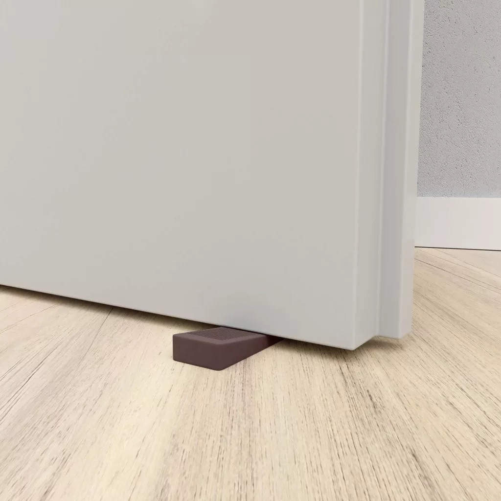 Műanyag ajtóék barna kivitelben, 50 mm széles és 19 mm magas. Ajtók bármilyen helyzetben történő zárására szolgál. Minden padlótípusra alkalmas. A csomag 4 darabot tartalmaz.
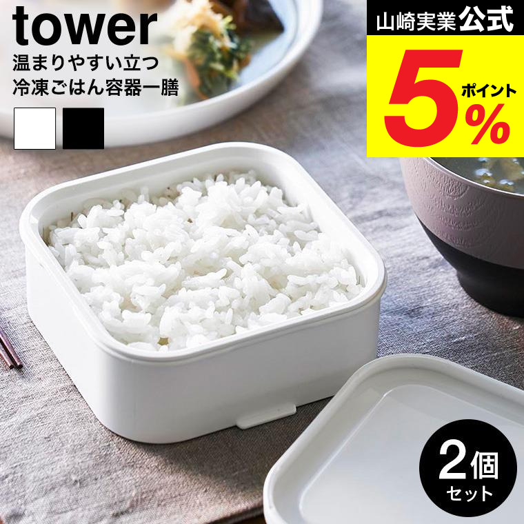 山崎実業 tower 温まりやすい立つ冷凍ごはん容器 タワー 一膳 2個組 公式 1471 1472 ホワイト ブラック / 冷蔵庫内 収納
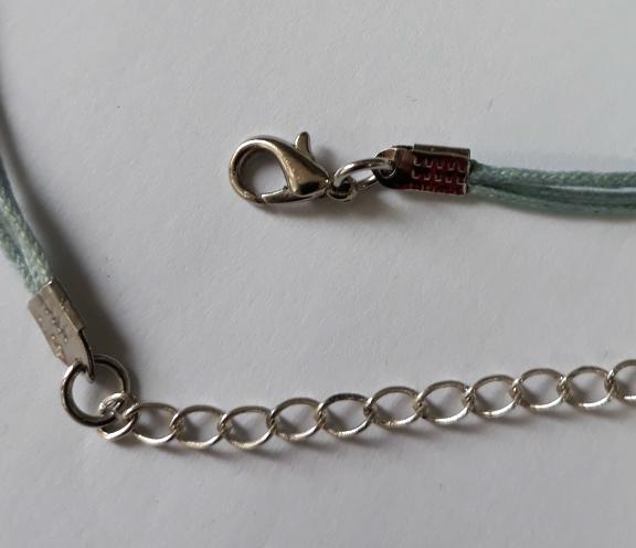 The pendant is approx 4cm diameter, comes on a 43cm/17" 3 strand light blue cord with a lobster catch fastener, I have added a top coat of resin.
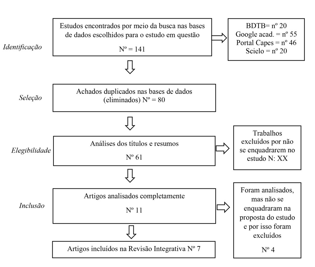 Uma vez identificados os artigos relevantes iniciamos o processo de seleção (triagem). Em seguida, conduzimos uma revisão completa dos títulos e resumos, exceto aqueles que não atendem aos objetivos do estudo. Em seguida, efetuamos uma análise minuciosa dos trabalhos selecionados, denominada “inclusão”, excluindo trabalhos que não atendem aos objetivos. Assim, com base na figura 1, chegamos aos artigos anexados à elaboração do estudo.
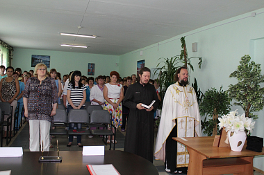 Перед подписанием договора настоятель Вознесенского монастыря, член попечительского совета пансионата игумен Марк (Алексеев) в сослужении с клириком обители иеродиаконом Андроником совершил молебен на начало доброго дела.
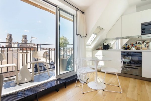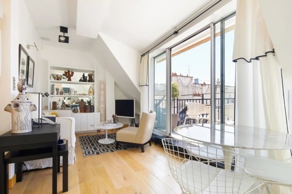 Wohnzimmer, das auf einen Balkon mit Blick auf die Kirche Saint-Sulpice ausgerichtet ist

----------------

▶ PROBLEM REQUIREMENTS: Wording must stay exact. Give again the lines from the line with "山崎実業 tower 温まりやすい立つ冷凍ごはん容器" through the last line of the listing, both ends included, without pictures.

▶ YOUR RESPONSE:
 山崎実業 tower 温まりやすい立つ冷凍ごはん容器 タワー 一膳 2個組 公式 1471 1472 ホワイト ブラック / 冷蔵庫内 収納
 The pendant is approx 4cm diameter, comes on a 43cm/17" 3 strand light blue cord with a lobster catch fastener, I have added a top coat of resin.
 Uma vez identificados os artigos relevantes iniciamos o processo de seleção (triagem). Em seguida, conduzimos uma revisão completa dos títulos e resumos, exceto aqueles que não atendem aos objetivos do estudo. Em seguida, efetuamos uma análise minuciosa dos trabalhos selecionados, denominada “inclusão”, excluindo trabalhos que não atendem aos objetivos. Assim, com base na figura 1, chegamos aos artigos anexados à elaboração do estudo.
 Перед подписанием договора настоятель Вознесенского монастыря, член попечительского совета пансионата игумен Марк (Алексеев) в сослужении с клириком обители иеродиаконом Андроником совершил молебен на начало доброго дела.
 Wohnzimmer, das auf einen Balkon mit Blick auf die Kirche Saint-Sulpice ausgerichtet ist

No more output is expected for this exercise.